### PROVIDED ENTRIES
+---+
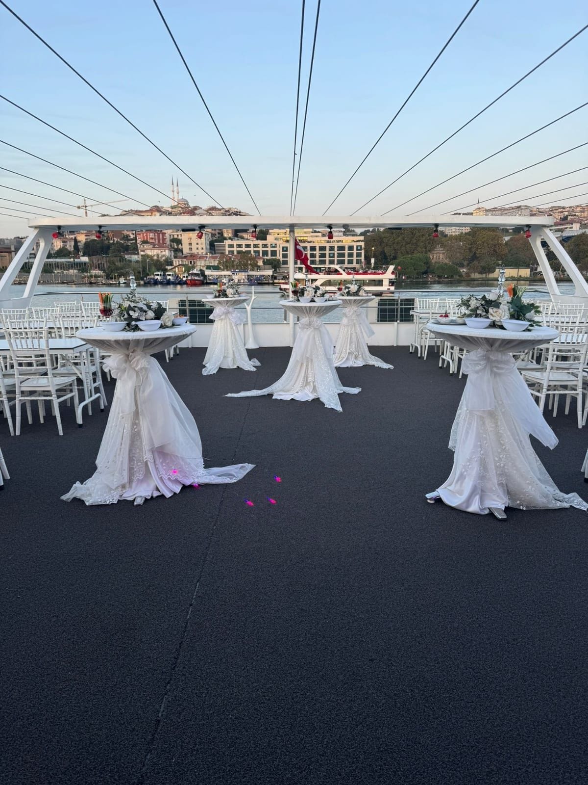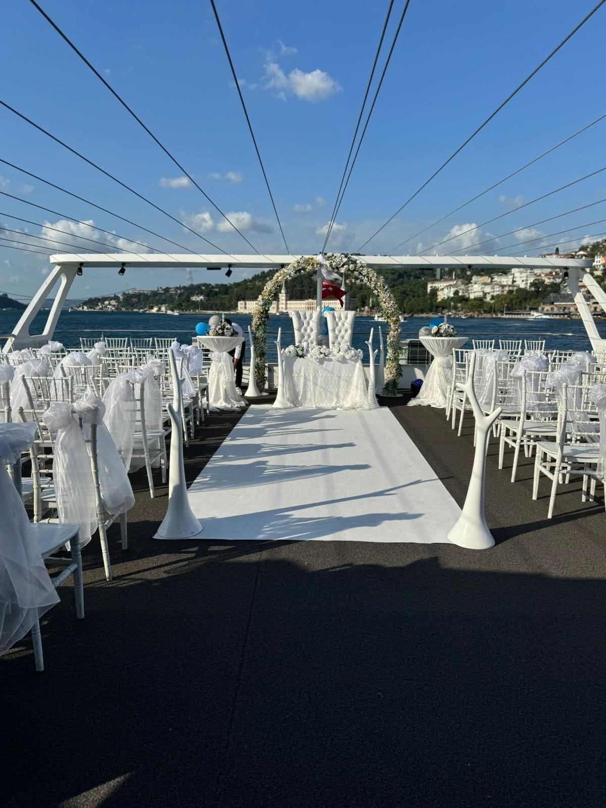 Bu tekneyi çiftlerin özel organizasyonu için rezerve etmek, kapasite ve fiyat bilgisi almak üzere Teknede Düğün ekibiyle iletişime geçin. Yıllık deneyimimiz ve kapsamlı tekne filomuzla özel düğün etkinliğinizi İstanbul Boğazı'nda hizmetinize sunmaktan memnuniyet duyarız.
+---+
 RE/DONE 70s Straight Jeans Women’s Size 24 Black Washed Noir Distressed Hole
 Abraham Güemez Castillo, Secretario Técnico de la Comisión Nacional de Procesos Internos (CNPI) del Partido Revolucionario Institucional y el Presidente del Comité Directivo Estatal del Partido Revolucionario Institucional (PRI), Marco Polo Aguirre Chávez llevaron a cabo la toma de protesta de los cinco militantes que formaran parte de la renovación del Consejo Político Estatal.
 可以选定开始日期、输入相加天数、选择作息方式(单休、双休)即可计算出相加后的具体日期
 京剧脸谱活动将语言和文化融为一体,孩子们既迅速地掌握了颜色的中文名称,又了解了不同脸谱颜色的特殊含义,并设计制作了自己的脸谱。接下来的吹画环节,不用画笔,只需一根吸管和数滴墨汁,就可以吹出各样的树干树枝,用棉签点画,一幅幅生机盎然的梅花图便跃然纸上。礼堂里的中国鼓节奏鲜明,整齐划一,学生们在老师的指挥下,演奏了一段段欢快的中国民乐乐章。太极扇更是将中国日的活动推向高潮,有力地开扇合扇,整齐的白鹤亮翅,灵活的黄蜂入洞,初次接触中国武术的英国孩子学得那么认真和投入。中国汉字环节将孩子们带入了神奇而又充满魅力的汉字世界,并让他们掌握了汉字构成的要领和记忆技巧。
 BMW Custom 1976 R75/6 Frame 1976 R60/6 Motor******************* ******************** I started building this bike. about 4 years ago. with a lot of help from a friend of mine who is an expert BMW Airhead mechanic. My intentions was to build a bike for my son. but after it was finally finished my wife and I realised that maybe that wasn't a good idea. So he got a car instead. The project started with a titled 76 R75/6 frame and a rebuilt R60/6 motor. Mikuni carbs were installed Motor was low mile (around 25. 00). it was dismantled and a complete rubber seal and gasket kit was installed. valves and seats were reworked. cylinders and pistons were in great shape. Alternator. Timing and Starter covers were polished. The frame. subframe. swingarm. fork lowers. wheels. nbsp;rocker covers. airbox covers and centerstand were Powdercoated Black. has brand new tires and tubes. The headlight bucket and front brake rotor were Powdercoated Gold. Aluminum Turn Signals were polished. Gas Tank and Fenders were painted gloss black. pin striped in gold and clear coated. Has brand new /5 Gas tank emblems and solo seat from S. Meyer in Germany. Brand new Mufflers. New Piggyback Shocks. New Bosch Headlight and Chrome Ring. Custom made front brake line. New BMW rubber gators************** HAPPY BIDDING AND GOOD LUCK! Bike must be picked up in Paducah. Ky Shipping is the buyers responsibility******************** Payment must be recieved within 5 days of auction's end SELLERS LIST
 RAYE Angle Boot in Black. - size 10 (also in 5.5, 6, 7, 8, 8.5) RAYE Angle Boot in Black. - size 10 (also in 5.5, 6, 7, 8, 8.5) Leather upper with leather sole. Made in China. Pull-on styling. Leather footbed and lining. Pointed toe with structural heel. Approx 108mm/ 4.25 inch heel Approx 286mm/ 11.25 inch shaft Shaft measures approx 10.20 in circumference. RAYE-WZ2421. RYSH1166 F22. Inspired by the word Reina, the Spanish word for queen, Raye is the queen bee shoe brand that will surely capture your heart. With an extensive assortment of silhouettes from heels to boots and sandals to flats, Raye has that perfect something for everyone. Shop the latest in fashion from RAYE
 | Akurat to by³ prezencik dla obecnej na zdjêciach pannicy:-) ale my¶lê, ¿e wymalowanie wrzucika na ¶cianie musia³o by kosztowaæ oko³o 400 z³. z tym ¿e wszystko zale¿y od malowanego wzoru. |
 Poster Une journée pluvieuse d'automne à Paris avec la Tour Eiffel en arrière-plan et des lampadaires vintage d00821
+---+
### WHAT NEEDS TO BE DONE
From the material above, copy exactly the lines between the line holding "京剧脸谱活动将语言和文化融为" and the line holding "BMW Custom 1976", inclusive, and only those.

### SOLVED PROBLEM
 京剧脸谱活动将语言和文化融为一体,孩子们既迅速地掌握了颜色的中文名称,又了解了不同脸谱颜色的特殊含义,并设计制作了自己的脸谱。接下来的吹画环节,不用画笔,只需一根吸管和数滴墨汁,就可以吹出各样的树干树枝,用棉签点画,一幅幅生机盎然的梅花图便跃然纸上。礼堂里的中国鼓节奏鲜明,整齐划一,学生们在老师的指挥下,演奏了一段段欢快的中国民乐乐章。太极扇更是将中国日的活动推向高潮,有力地开扇合扇,整齐的白鹤亮翅,灵活的黄蜂入洞,初次接触中国武术的英国孩子学得那么认真和投入。中国汉字环节将孩子们带入了神奇而又充满魅力的汉字世界,并让他们掌握了汉字构成的要领和记忆技巧。
 BMW Custom 1976 R75/6 Frame 1976 R60/6 Motor******************* ******************** I started building this bike. about 4 years ago. with a lot of help from a friend of mine who is an expert BMW Airhead mechanic. My intentions was to build a bike for my son. but after it was finally finished my wife and I realised that maybe that wasn't a good idea. So he got a car instead. The project started with a titled 76 R75/6 frame and a rebuilt R60/6 motor. Mikuni carbs were installed Motor was low mile (around 25. 00). it was dismantled and a complete rubber seal and gasket kit was installed. valves and seats were reworked. cylinders and pistons were in great shape. Alternator. Timing and Starter covers were polished. The frame. subframe. swingarm. fork lowers. wheels. nbsp;rocker covers. airbox covers and centerstand were Powdercoated Black. has brand new tires and tubes. The headlight bucket and front brake rotor were Powdercoated Gold. Aluminum Turn Signals were polished. Gas Tank and Fenders were painted gloss black. pin striped in gold and clear coated. Has brand new /5 Gas tank emblems and solo seat from S. Meyer in Germany. Brand new Mufflers. New Piggyback Shocks. New Bosch Headlight and Chrome Ring. Custom made front brake line. New BMW rubber gators************** HAPPY BIDDING AND GOOD LUCK! Bike must be picked up in Paducah. Ky Shipping is the buyers responsibility******************** Payment must be recieved within 5 days of auction's end SELLERS LIST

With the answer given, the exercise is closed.